Les risques auxquels les exportateurs canadiens font face à l’international évoluent sans cesse. Si la situation peut demeurer relativement stable pendant plusieurs mois, des changements importants peuvent toutefois survenir à l’occasion, et c’est exactement ce qu’EDC a pu observer cette année.
Les nouvelles conditions de risque pour les entreprises découlent des changements opérés sur la scène politique et économique depuis le début de 2017. EDC les voit comme des risques « extrêmes » – c’est-à-dire des risques qui ne se matérialiseront sûrement pas, mais qui sont tout de même suffisamment probables et qui auraient des répercussions suffisamment graves pour qu’on s’en méfie.
Ces risques étaient tous déjà jugés élevés par EDC depuis un moment, mais les récents événements sur la scène mondiale ont bousculé leur position sur la liste. Voici donc les risques qui pèsent sur les entreprises, par ordre décroissant de gravité.
1. Forteresse Amérique
Il est question ici de l’attitude des États-Unis envers le reste du monde. Ce risque était déjà en tête du palmarès en janvier, et rien n’indique qu’il a perdu de son importance.

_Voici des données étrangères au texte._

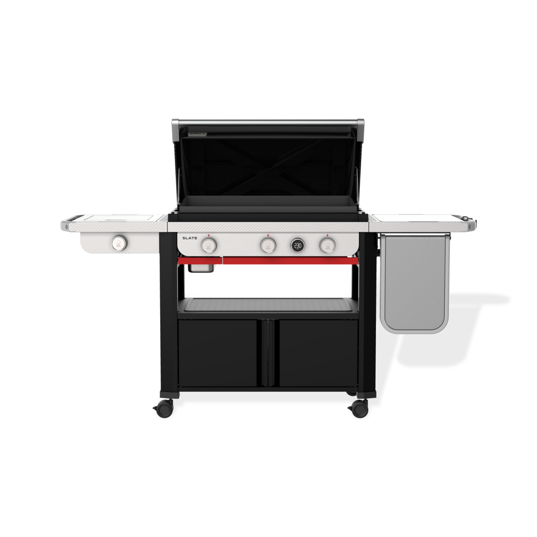 The Weber Slate GPSB 76cm Premium Griddle Gas BBQ's stick-resistant, porcelain-enamel cooktop is ready to cook on right out of the box so juicy smashed burgers, flavoursome stir fries, beautifully seared seafood, veggies, and many more memorable cooks can easily be created. The left hand side shelf on the model integrates a powerful side burner which will help to maximise the potential for more mouthwatering menu choices giving additional cooking space for the sauces and sides while right hand side table will easily extends to the front to hugely increase the amount of space available for both food preparation and plating up or serving.

« Cela comprend notamment l’imposition d’une taxe d’ajustement aux frontières, un différend commercial grave avec la Chine et l’adoption d’une position intransigeante lors de la renégociation de l’ALENA », énumère l’analyste des risques pays d’EDC, Ian Tobman. « Il ne fait aucun doute que les exportateurs canadiens seraient directement touchés par une refonte de l’ALENA. Quant aux autres actions de notre voisin du Sud, tout dépend de leur effet sur l’économie américaine et, en conséquence, sur la relation commerciale avec le Canada. »
2. Immobilisme politique aux États-Unis
« Vu la façon dont la nouvelle administration fait bouger les choses, poursuit M. Tobman, nous avons séparé en deux nos préoccupations au sujet des États-Unis. L’immobilisme politique était absent de notre liste précédente, mais nous croyons maintenant qu’il y mérite une place. Grosso modo, cela signifie que si les décisions législatives du gouvernement américain sont retardées ou bloquées à cause d’enjeux politiques intérieurs, la croissance économique des États-Unis pourrait ralentir, ce qui ferait du même coup baisser la demande pour les biens et services canadiens. »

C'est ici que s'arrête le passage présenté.